• TASK INSTRUCTIONS
Of the records that follow, copy only the lines from the line containing "Arroz, hamachi picado" to the line containing "Standardkvaliteterna och finishen", both included, exactly as written.

• DATA FOR PROCESSING
BEGIN

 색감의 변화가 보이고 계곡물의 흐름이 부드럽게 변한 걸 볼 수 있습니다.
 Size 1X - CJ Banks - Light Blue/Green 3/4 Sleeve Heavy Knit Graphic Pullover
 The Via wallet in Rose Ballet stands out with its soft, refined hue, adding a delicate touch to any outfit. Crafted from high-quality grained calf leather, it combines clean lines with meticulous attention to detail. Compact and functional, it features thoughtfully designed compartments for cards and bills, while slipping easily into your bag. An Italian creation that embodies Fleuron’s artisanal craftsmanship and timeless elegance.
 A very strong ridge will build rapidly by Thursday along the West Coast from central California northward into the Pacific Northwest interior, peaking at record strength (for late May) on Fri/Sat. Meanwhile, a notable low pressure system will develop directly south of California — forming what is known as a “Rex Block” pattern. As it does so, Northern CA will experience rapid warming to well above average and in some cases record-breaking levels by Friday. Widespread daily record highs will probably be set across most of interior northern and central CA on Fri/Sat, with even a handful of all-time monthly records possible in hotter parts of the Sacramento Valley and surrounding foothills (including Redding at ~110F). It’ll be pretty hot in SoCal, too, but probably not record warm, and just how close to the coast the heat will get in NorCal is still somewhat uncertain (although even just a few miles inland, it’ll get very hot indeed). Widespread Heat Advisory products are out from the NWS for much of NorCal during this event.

END
BEGIN

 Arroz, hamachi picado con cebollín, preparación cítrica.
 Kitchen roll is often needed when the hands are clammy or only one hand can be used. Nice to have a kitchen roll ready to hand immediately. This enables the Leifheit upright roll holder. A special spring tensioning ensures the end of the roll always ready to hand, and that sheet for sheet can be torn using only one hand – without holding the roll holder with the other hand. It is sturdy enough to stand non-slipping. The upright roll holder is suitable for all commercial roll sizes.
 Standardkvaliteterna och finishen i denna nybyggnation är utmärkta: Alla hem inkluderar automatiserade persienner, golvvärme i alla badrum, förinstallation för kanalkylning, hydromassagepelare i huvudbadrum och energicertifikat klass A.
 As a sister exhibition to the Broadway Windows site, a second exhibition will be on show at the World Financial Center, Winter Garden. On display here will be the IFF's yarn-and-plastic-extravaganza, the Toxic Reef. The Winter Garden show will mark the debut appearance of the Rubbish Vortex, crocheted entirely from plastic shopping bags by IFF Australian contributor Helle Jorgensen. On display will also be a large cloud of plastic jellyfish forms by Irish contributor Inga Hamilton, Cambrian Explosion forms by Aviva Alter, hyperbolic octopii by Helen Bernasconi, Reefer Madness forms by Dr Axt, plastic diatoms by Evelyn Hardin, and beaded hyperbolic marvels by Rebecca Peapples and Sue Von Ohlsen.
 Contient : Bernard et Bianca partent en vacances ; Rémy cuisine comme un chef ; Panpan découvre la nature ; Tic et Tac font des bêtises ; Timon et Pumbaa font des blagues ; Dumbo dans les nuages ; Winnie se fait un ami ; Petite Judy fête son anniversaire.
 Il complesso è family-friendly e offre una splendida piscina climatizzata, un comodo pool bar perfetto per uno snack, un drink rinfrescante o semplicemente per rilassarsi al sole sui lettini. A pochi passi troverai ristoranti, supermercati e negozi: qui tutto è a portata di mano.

END

• REPLY
 Arroz, hamachi picado con cebollín, preparación cítrica.
 Kitchen roll is often needed when the hands are clammy or only one hand can be used. Nice to have a kitchen roll ready to hand immediately. This enables the Leifheit upright roll holder. A special spring tensioning ensures the end of the roll always ready to hand, and that sheet for sheet can be torn using only one hand – without holding the roll holder with the other hand. It is sturdy enough to stand non-slipping. The upright roll holder is suitable for all commercial roll sizes.
 Standardkvaliteterna och finishen i denna nybyggnation är utmärkta: Alla hem inkluderar automatiserade persienner, golvvärme i alla badrum, förinstallation för kanalkylning, hydromassagepelare i huvudbadrum och energicertifikat klass A.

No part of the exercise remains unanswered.